■ PROBLEM
Although the records include pictures, the copy should not; write out exactly the lines from the first through the line with "歐洲站2025夏裝新款氣質名媛碎花輕熟高級感有女人味的長裙連衣裙".

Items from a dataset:
────────────────────

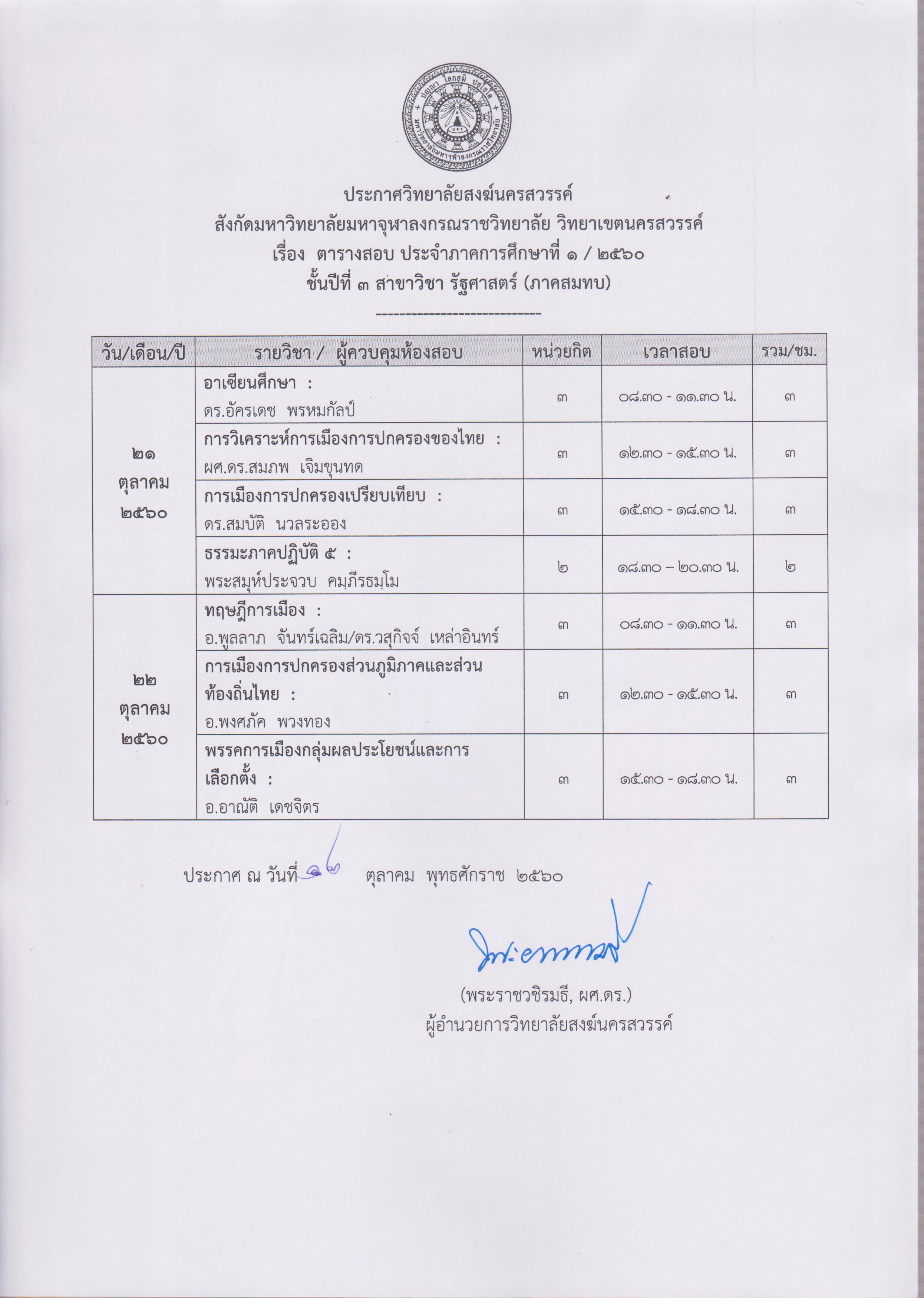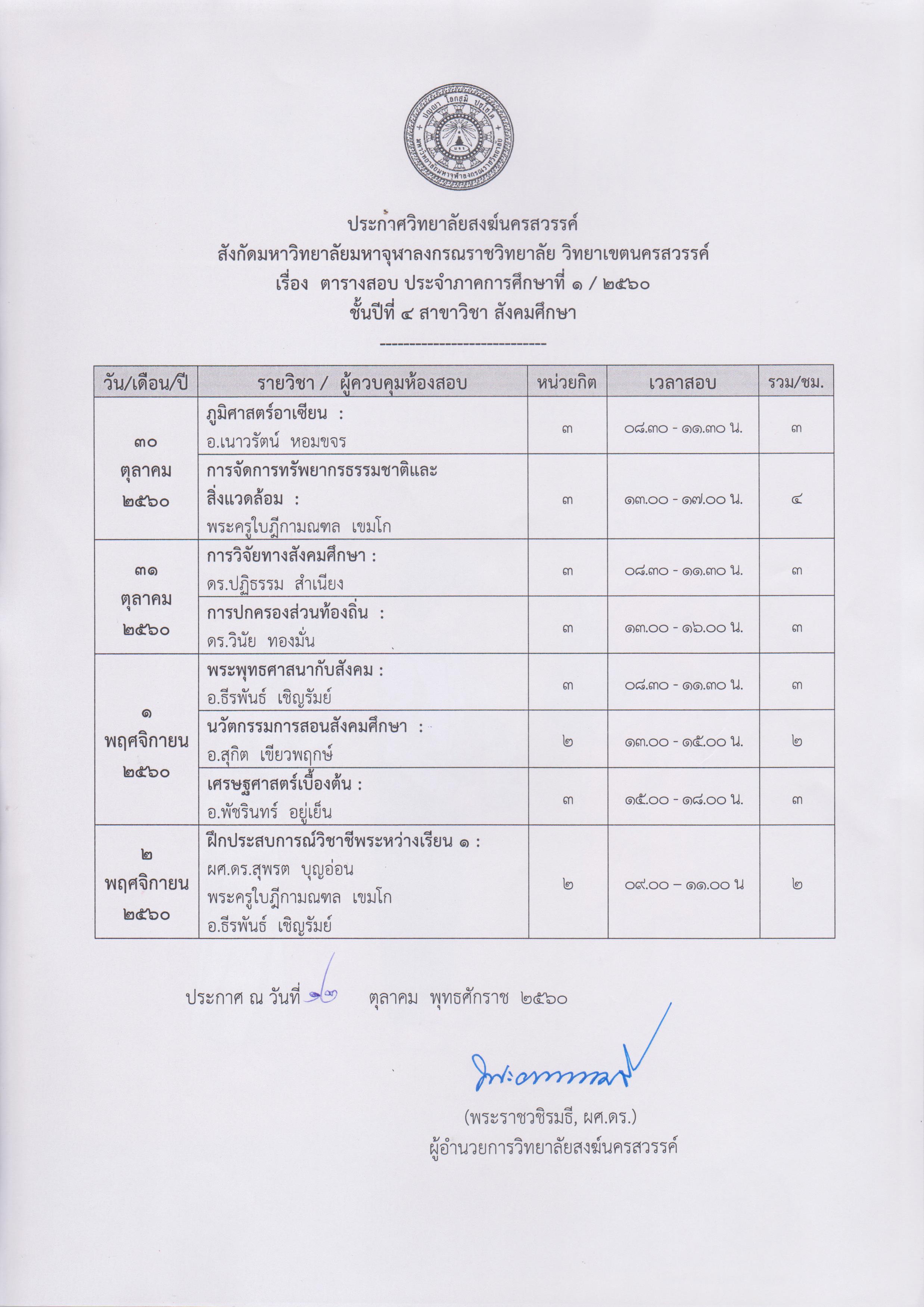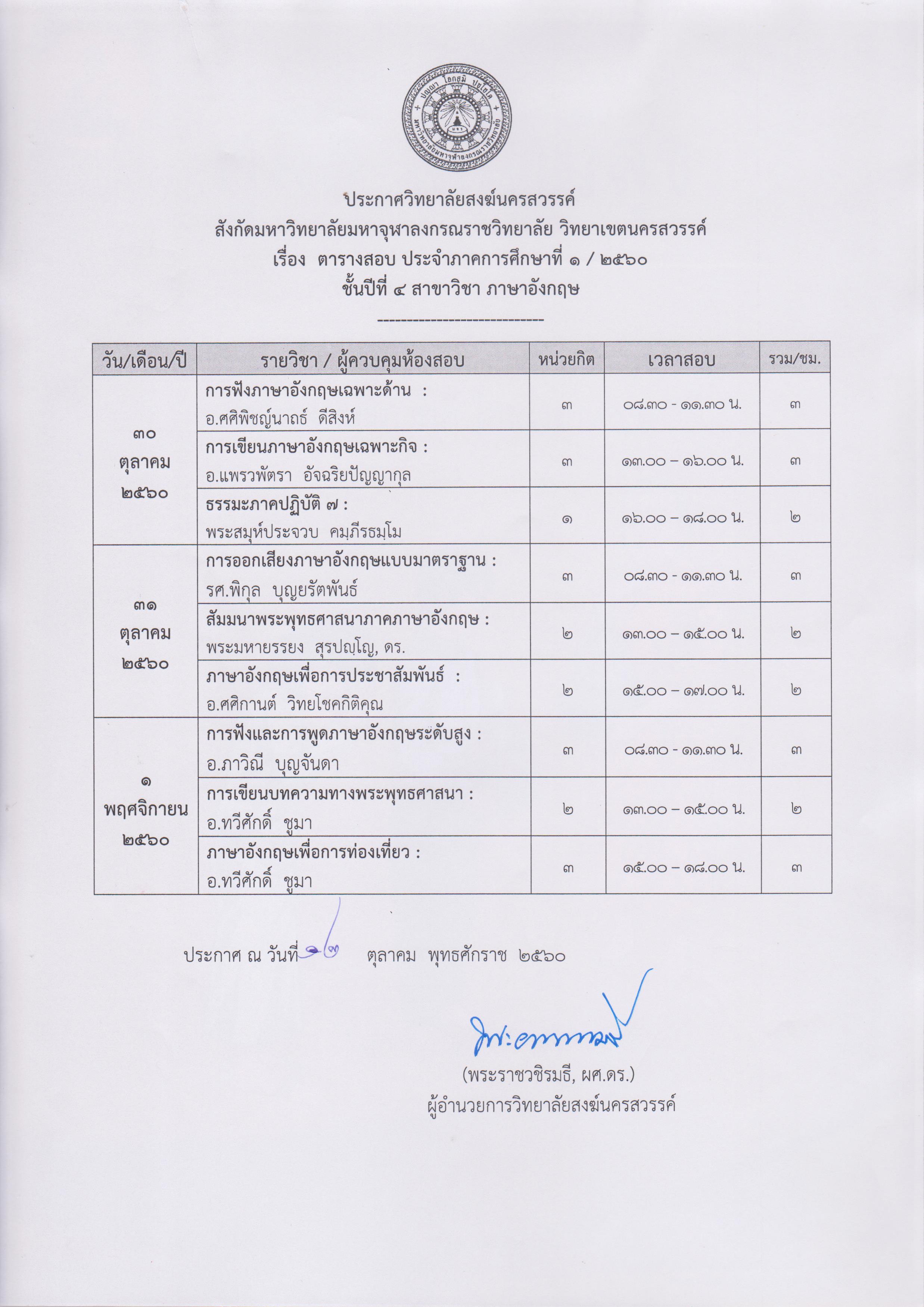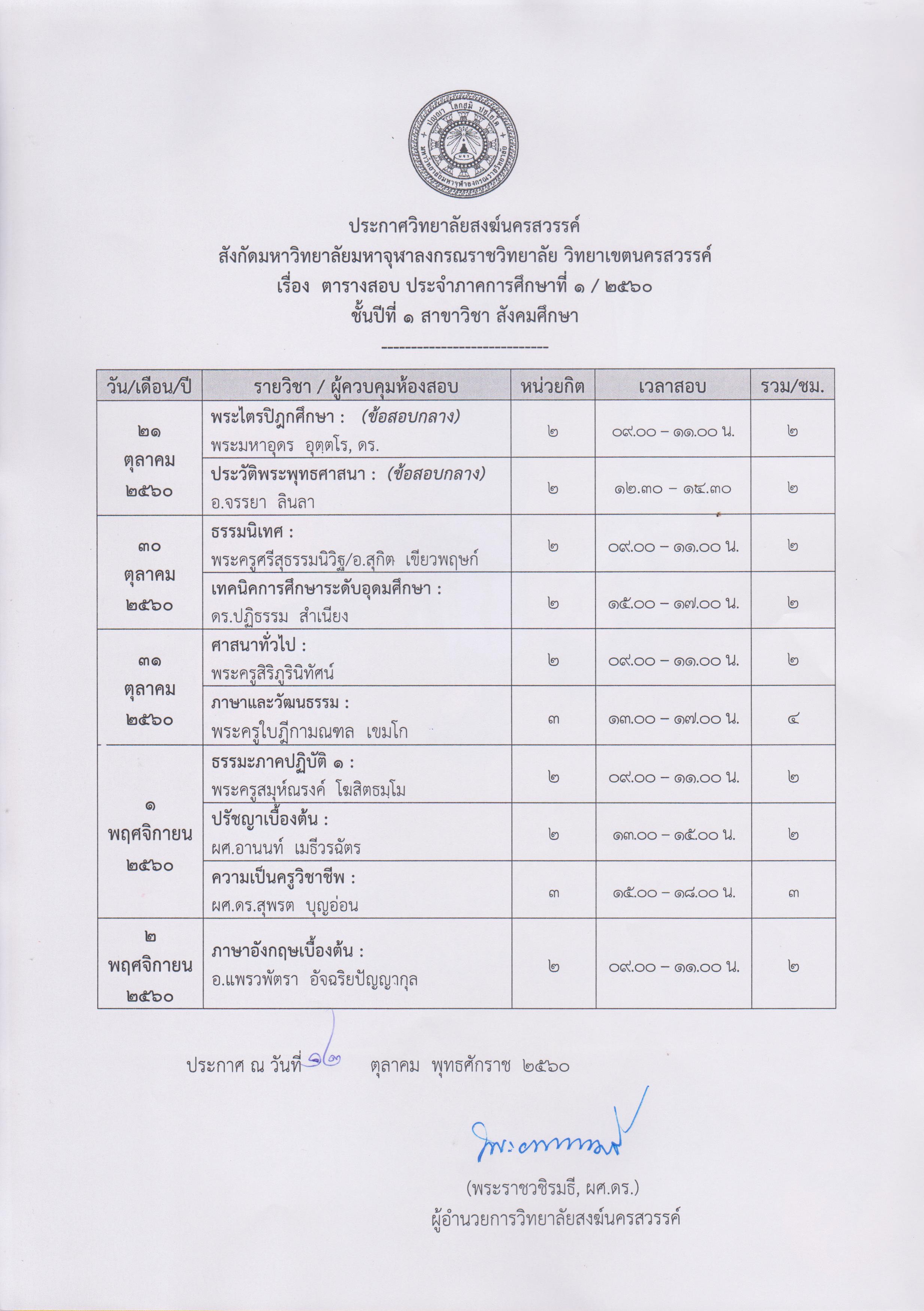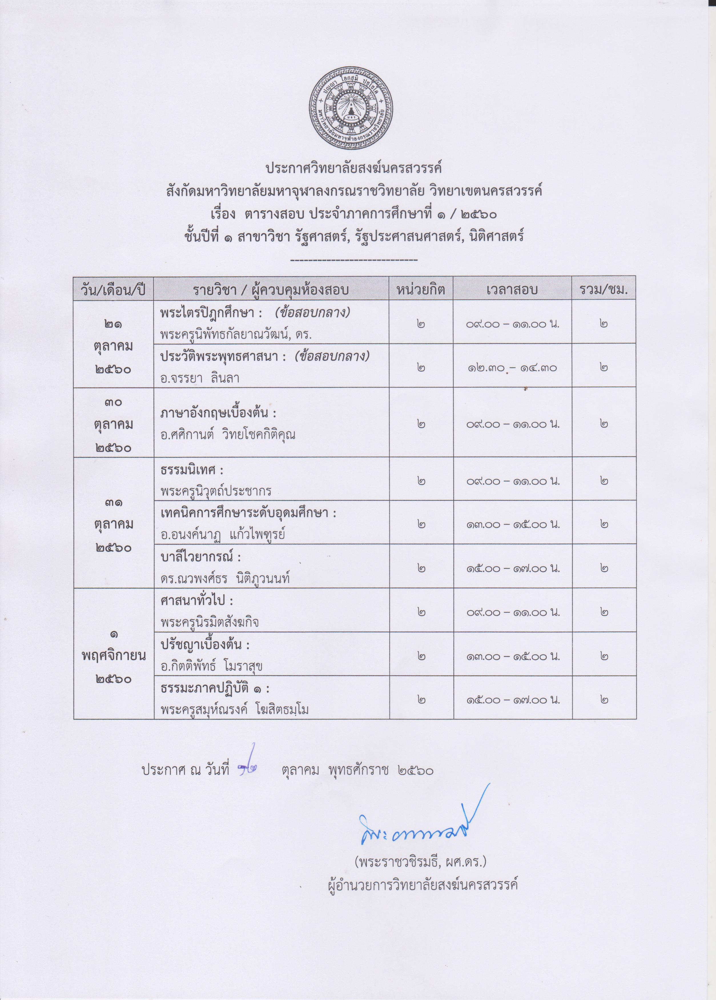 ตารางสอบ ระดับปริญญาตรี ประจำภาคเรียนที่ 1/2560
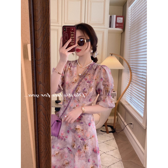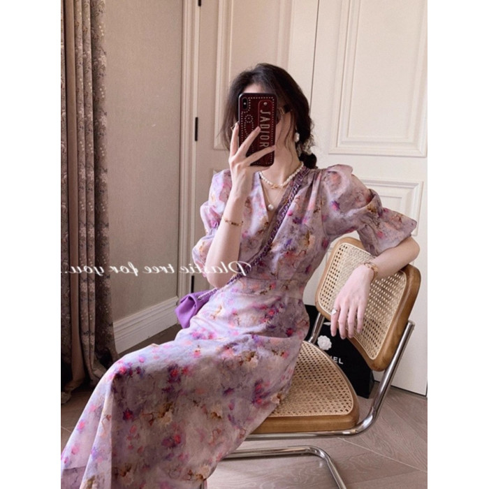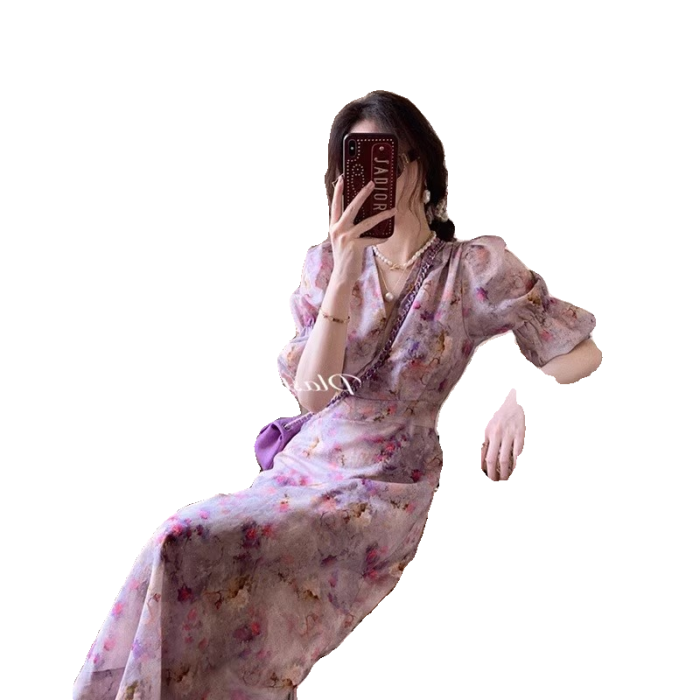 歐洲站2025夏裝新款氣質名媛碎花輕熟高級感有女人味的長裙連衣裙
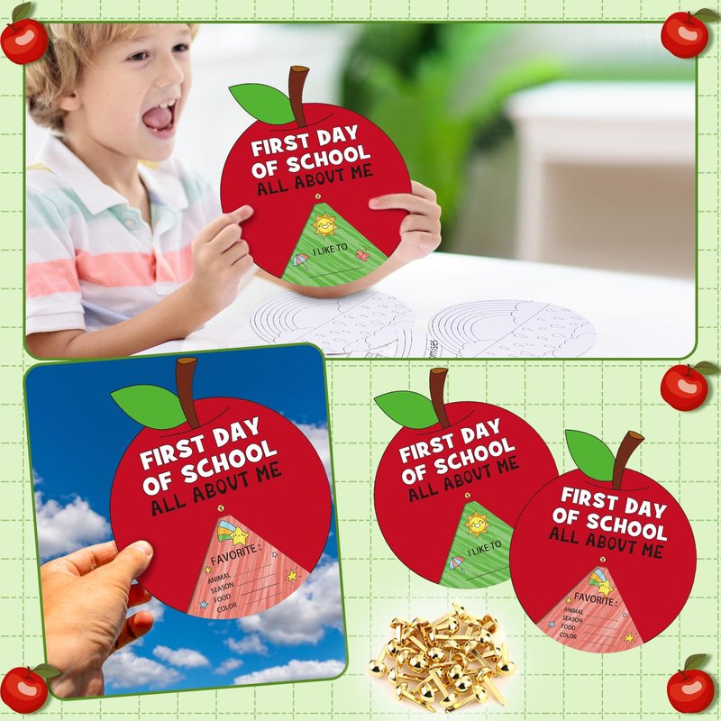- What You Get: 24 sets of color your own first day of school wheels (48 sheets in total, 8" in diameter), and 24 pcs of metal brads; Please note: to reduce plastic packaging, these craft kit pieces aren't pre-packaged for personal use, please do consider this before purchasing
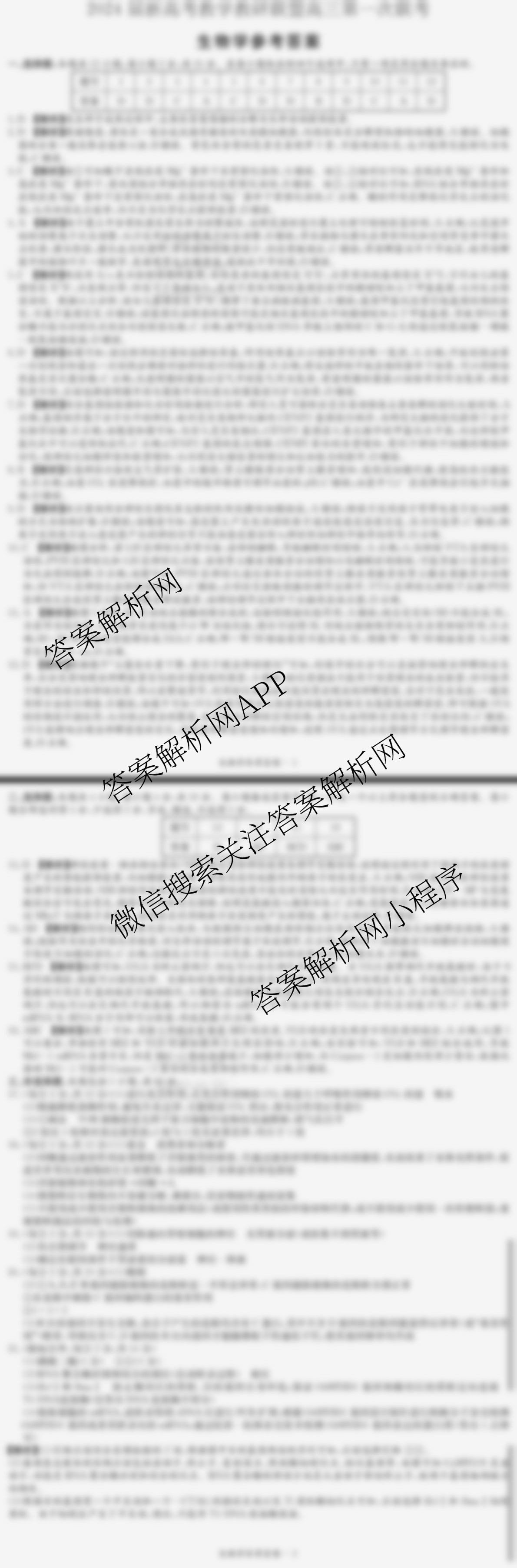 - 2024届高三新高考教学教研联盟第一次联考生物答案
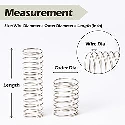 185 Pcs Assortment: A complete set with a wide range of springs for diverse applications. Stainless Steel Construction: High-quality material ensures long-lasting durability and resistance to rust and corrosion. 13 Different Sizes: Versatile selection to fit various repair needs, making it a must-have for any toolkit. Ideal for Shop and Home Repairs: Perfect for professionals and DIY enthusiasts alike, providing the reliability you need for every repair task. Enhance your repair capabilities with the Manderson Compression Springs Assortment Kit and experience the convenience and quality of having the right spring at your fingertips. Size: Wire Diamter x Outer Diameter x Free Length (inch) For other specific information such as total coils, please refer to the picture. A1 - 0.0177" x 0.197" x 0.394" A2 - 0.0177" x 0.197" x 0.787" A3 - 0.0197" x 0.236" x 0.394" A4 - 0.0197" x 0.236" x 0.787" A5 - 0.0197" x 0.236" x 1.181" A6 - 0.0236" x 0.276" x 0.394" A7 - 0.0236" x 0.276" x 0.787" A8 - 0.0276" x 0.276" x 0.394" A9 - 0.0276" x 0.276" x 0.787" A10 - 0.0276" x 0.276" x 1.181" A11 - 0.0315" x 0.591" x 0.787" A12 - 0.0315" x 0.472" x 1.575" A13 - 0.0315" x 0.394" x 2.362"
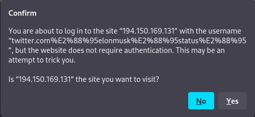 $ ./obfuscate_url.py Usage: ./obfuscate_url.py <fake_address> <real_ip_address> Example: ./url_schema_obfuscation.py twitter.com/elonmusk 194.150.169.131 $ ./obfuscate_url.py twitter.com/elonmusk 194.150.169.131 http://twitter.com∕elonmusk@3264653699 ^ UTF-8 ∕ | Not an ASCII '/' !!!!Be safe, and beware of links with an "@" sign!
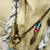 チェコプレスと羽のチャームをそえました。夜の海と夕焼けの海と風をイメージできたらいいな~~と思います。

────────────────────

■ RESULT OF THIS TASK
 ตารางสอบ ระดับปริญญาตรี ประจำภาคเรียนที่ 1/2560
 歐洲站2025夏裝新款氣質名媛碎花輕熟高級感有女人味的長裙連衣裙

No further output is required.